PIKE COUNTY AND SHERIFF’S DEPUTY GRANTED IMMUNITY AFTER INMATE’S SUICIDE

Posted by Susan J. Levy

Plaintiff’s decedent was arrested by the Pike County Sheriff’s Department for simple battery after an episode of domestic violence. At the Pike County Jail, officials determined that plaintiff's decedent, Brandon Gish, was suicidal. Because Pike County lacked appropriate staff and medical personnel to handle detainees with mental health problems, they decided to transfer Gish to the Clayton County Jail. On December 10, 2003, Deputy William Gilmer transported Gish to the Clayton County Jail in his marked patrol car.

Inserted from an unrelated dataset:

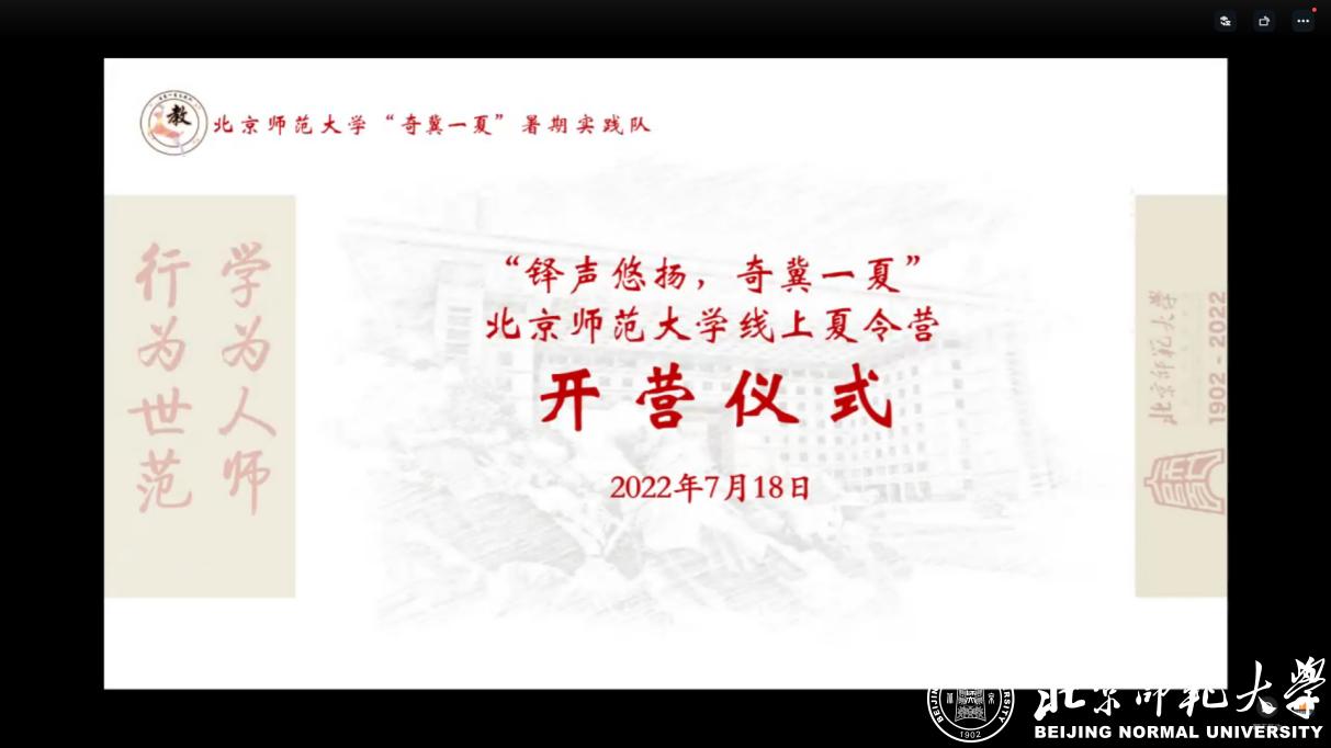 “铎声悠扬,奇冀一夏”北京师范大学线上夏令营开营仪式

At the time of the transfer, Deputy Gilmer was aware that Gish was being transferred to Clayton County specifically because officials thought he might be suicidal. Deputy Gilmer handcuffed Gish behind his back, placed him in the rear of his patrol car, fastened Gish’s seatbelt and drove to the Clayton County Jail. The front and back seats of the patrol car were separated by a partition bolted into place with a sliding Plexiglas window. When the deputy opened the door to unbuckle Gish upon arrival at the Clayton County Jail, Deputy Gilmer saw that Gish had managed to maneuver his hands, while cuffed, to the front of his body and unbuckle his seatbelt himself.